#### Assigned task
Leave out the pictures, and write out exactly the lines from the beginning of the material to the line holding "کفش ورزشی نایک", that line included, and nothing else.

#### Records to process

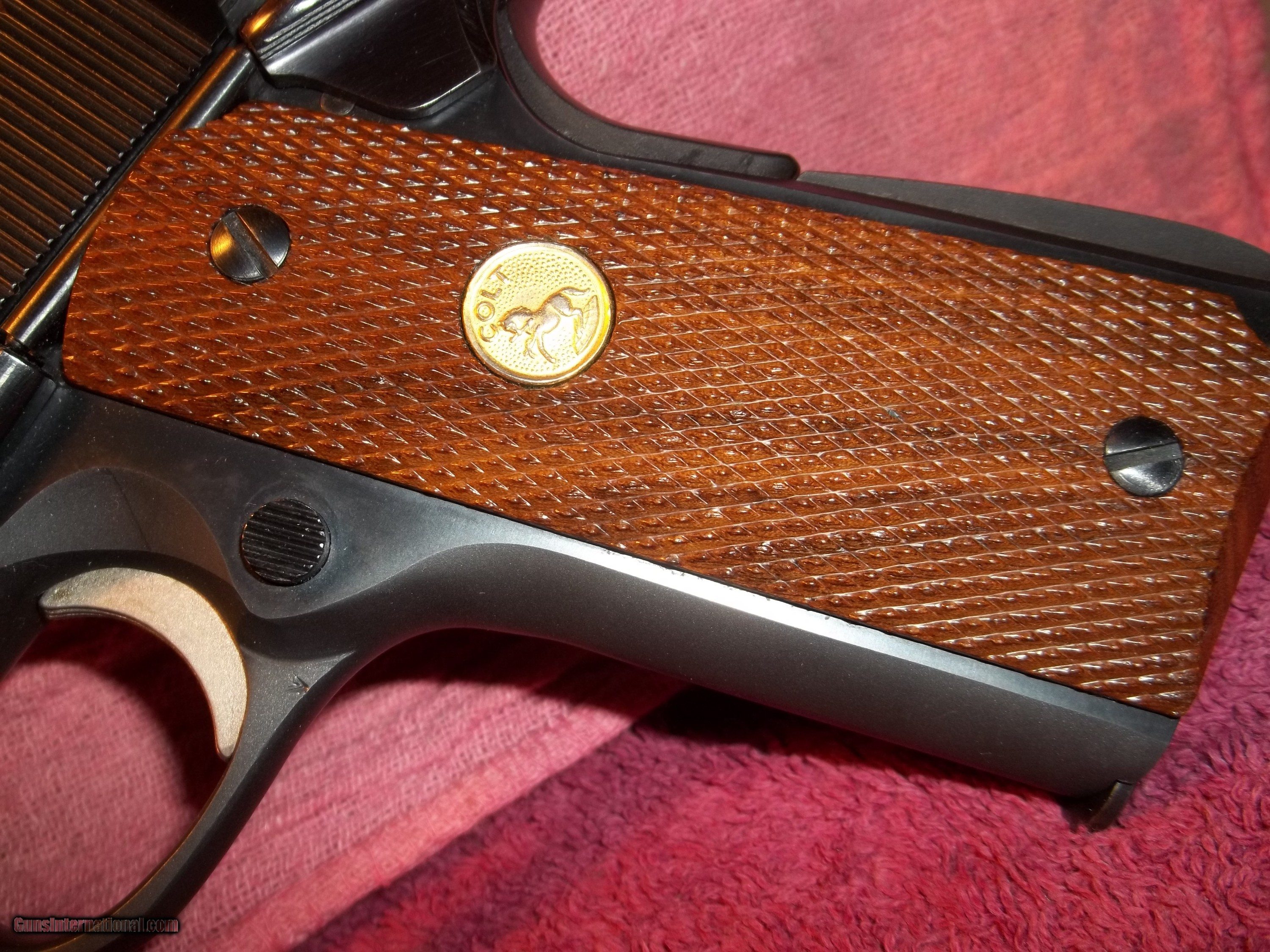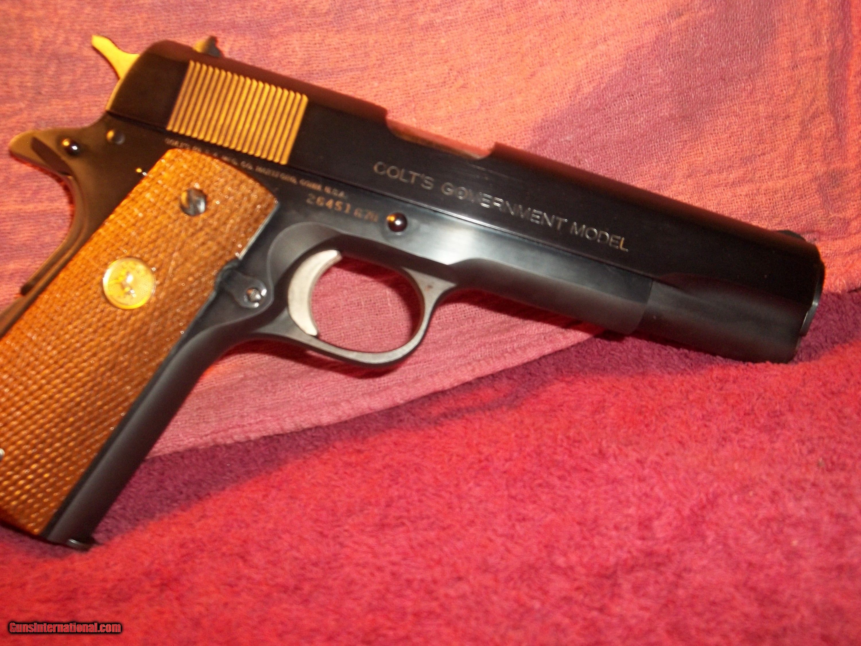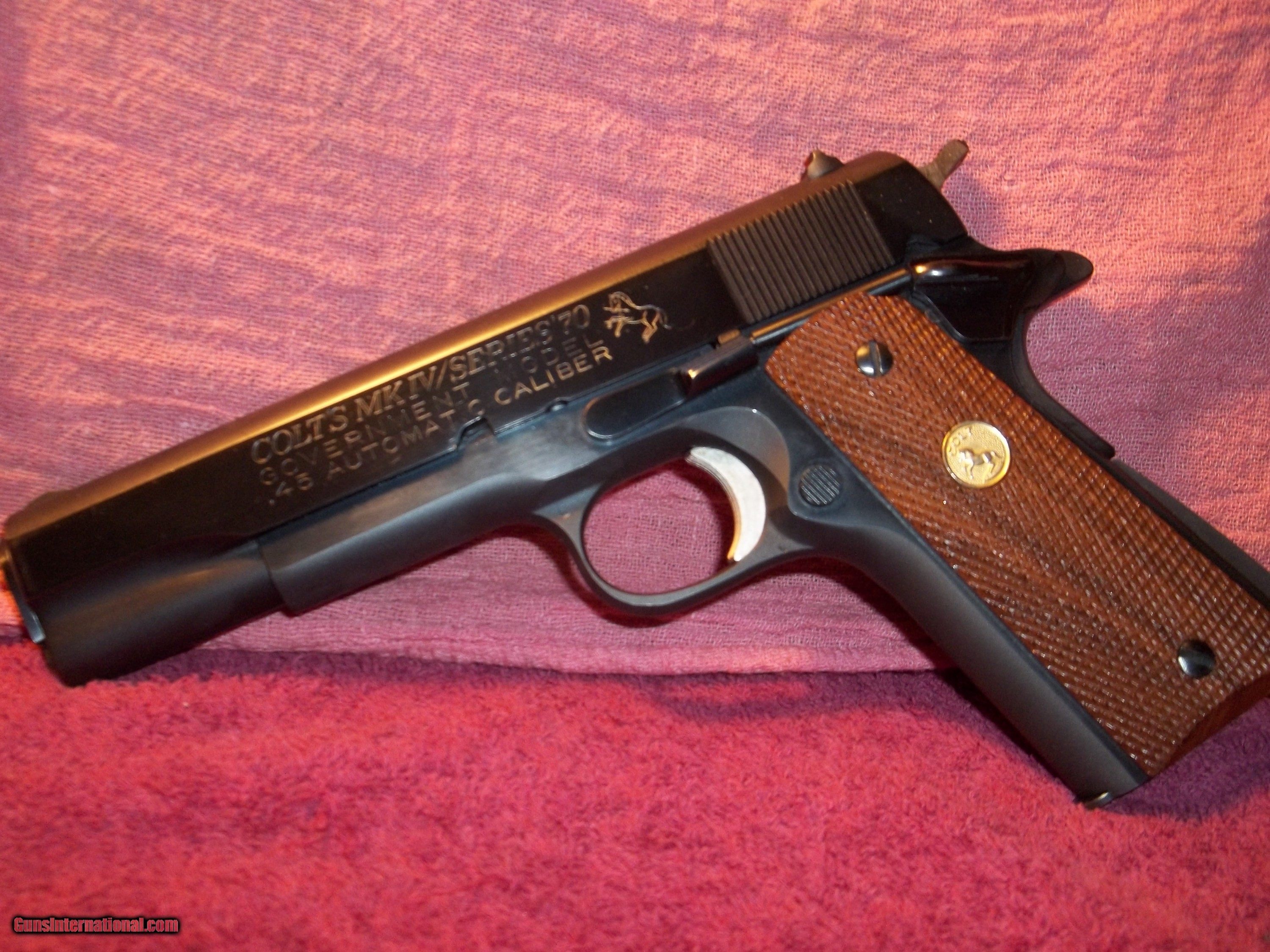 Description: Colt Government MKIV series 70...45ACP...5-inch Barrel...Excellent condition, looks to have never been fired...Colt Blue Frame and Slide...Walnut grips w/Gold Colt Medallions...Mfg. 1977...Personal Check...Lawayay Available... SOLD Handgun Caliber: .45 ACP (.45 Auto) |
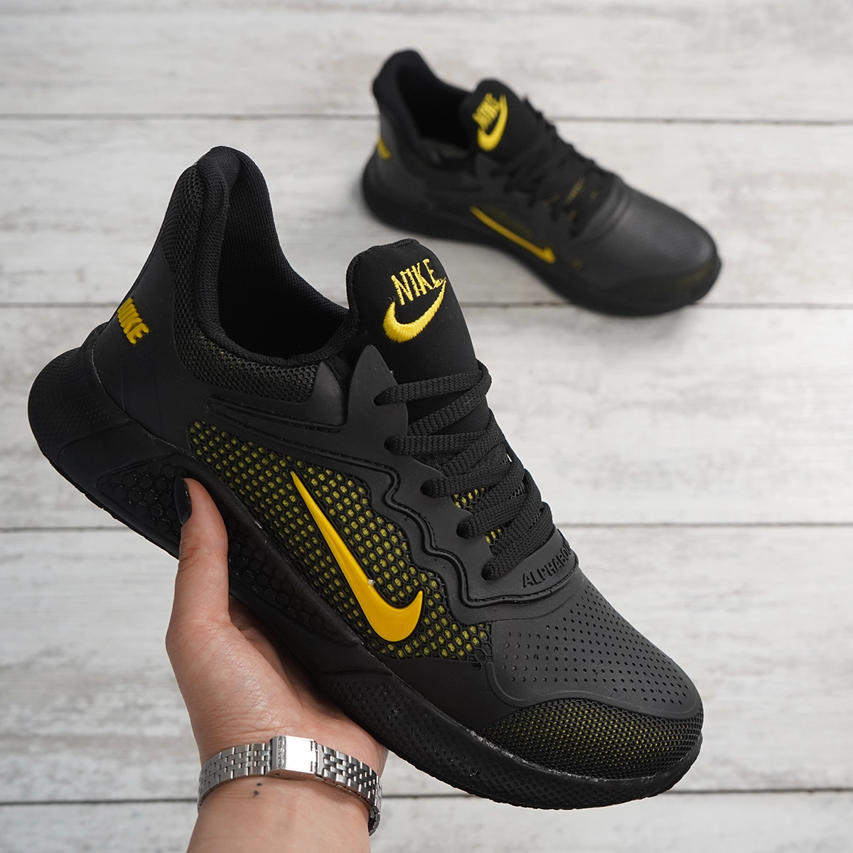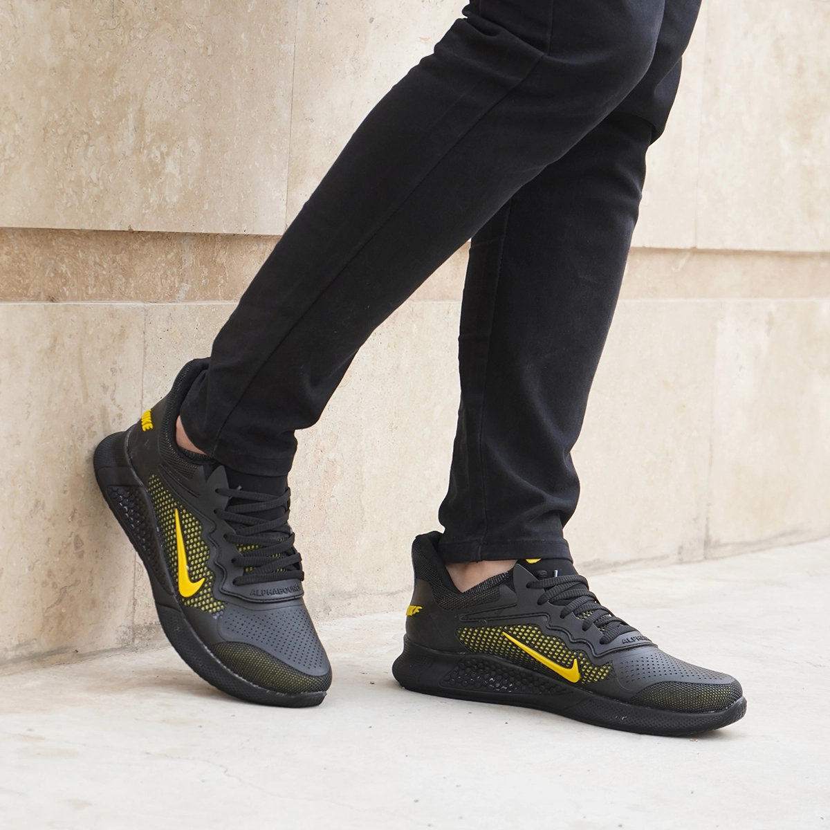 کفش ورزشی نایک مردانه مشکی زرد زیره مشکی مدل Alpha
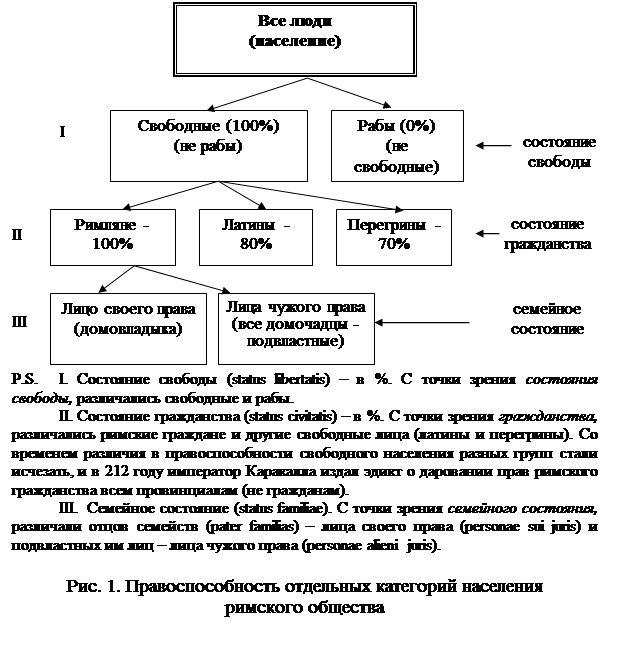 Для физического лица быть правоспособным значило обладание тремя статусами: свободы (statuslibertatis), гражданства (statuscivitatis) и семейным статусом (statusfamiliae). Лишь свободный, римский гражданин, свободный от власти домовладыки, обладал полным объемом прав и обязанностей в сфере имущественных и обязательственных отношений (juscommercii). Только при наличии всех трех статусов возникала полная правоспособность. Утрата одного из них влекла за собой прекращение правоспособности либо изменение ее содержания. Правоспособность отдельных категорий населения римского общества схематично представлена на рис.1.
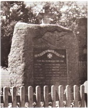 Das Denkmal für die Kriegsopfer des Dorfes befand sich in der Nähe des Schulgebäudes. Es wurde am 31. Juli 1927 in Anwesenheit des Egerer Abgeordneten Josef Mayer enthüllt. Es hatte die Form einer grob bearbeiteten Granitstele, die mit einem Steinkreuz gekrönt war. Darunter, im oberen Teil der Stele, befand sich das Relief eines Schwertes, das einen Militärhelm kreuzte. Auf der Tafel befanden sich ein Eisernes Kreuz, die Widmung und die Namen von 22 gefallenen Soldaten. Das Denkmal verschwand zusammen mit dem Dorf nach 1945.
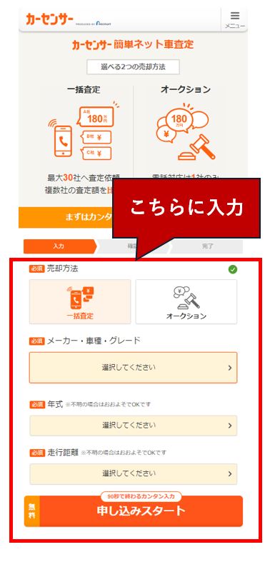 車一括査定サイトで必要事項を入力し、査定を申し込みます。以下で紹介しているカーセンサーに限らず、情報は最低限でプルダウン形式のメニューも多いため、容易な作業といえます。
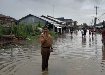 Gambar: Camat Koto Tangah, Fizlan Setiawan, S.STP., M.M., saat meninjau langsung kondisi banjir yang merendam permukiman warga di Kelurahan Dadok...
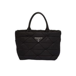 A geometric motif characterizes this quilted tote bag made of Re-Nylon, a fabric produced from recycled and purified plastic materials collected in the ocean. Accented with nappa leather handles and a removable woven tape shoulder strap, the accessory is decorated on the front with the iconic enameled triangle logo.

#### Solution to this task
 Description: Colt Government MKIV series 70...45ACP...5-inch Barrel...Excellent condition, looks to have never been fired...Colt Blue Frame and Slide...Walnut grips w/Gold Colt Medallions...Mfg. 1977...Personal Check...Lawayay Available... SOLD Handgun Caliber: .45 ACP (.45 Auto) |
 کفش ورزشی نایک مردانه مشکی زرد زیره مشکی مدل Alpha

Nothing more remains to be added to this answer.